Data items
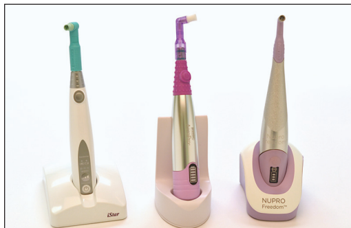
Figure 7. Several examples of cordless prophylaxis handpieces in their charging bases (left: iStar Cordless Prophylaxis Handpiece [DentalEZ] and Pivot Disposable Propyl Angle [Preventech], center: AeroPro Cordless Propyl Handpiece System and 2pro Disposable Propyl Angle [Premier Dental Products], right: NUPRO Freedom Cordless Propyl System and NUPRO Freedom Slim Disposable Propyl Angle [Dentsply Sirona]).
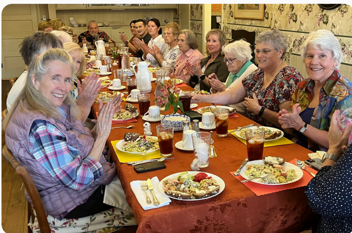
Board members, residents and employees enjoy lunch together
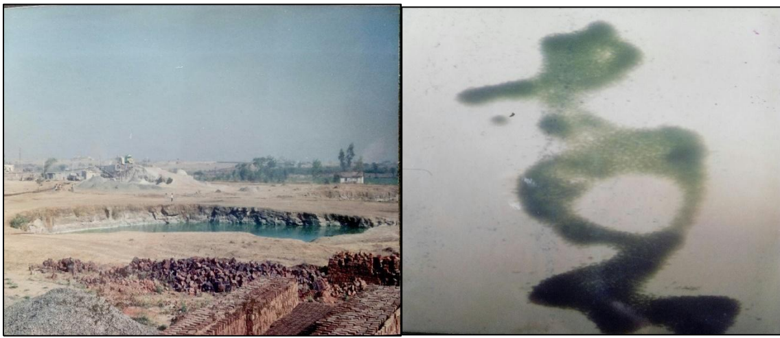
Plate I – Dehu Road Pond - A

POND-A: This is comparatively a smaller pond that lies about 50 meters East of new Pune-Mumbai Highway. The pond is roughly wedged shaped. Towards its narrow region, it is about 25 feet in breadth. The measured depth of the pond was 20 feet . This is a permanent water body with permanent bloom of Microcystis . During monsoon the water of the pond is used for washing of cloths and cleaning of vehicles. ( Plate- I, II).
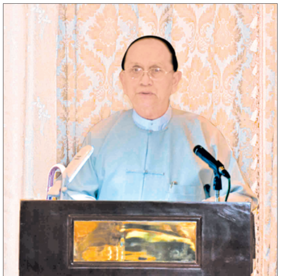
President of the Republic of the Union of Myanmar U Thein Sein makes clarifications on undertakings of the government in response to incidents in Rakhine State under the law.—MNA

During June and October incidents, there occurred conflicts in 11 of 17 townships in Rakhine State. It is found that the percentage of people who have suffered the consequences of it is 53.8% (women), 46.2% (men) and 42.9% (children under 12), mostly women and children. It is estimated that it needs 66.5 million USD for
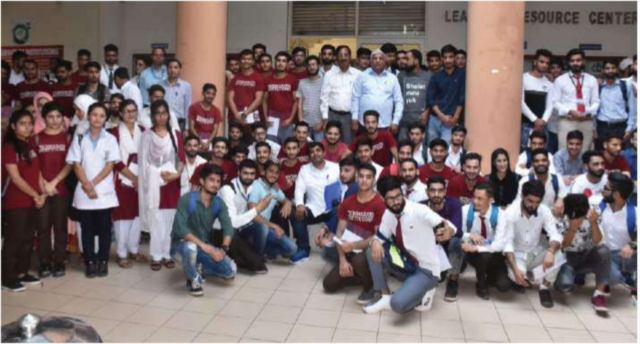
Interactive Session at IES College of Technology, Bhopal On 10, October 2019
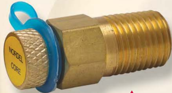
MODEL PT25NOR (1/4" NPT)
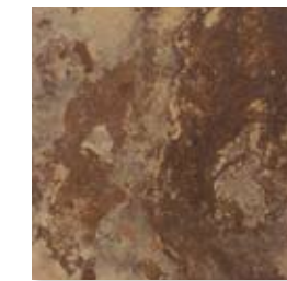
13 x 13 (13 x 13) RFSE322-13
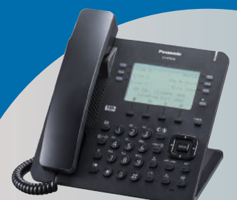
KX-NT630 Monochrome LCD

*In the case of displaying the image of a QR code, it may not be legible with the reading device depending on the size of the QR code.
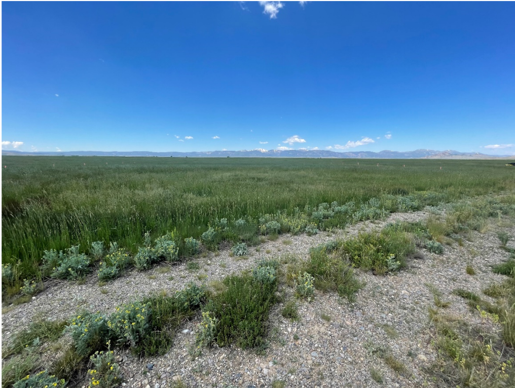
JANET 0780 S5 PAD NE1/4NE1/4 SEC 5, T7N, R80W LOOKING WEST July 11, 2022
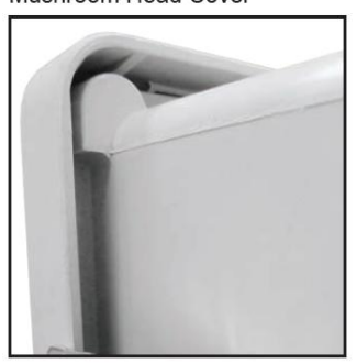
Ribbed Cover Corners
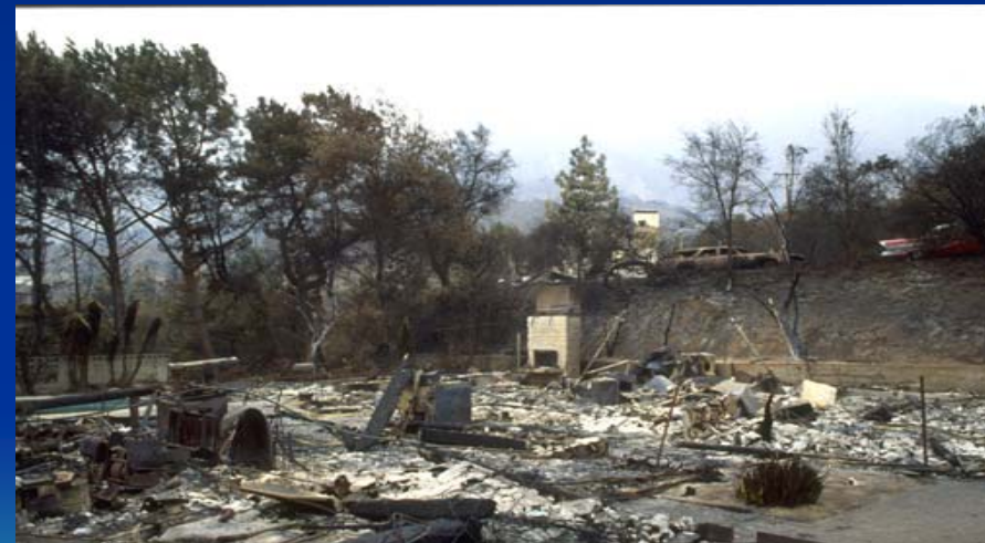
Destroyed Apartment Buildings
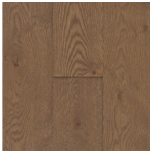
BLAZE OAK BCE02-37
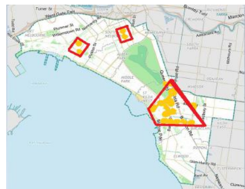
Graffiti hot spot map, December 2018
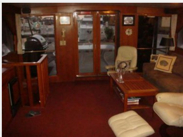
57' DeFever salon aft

▶ _ABOUT THIS EXERCISE_: Only a number is expected in response: how many lines of the records above include the word "that".

▶ _RESULT OF THIS TASK_: 2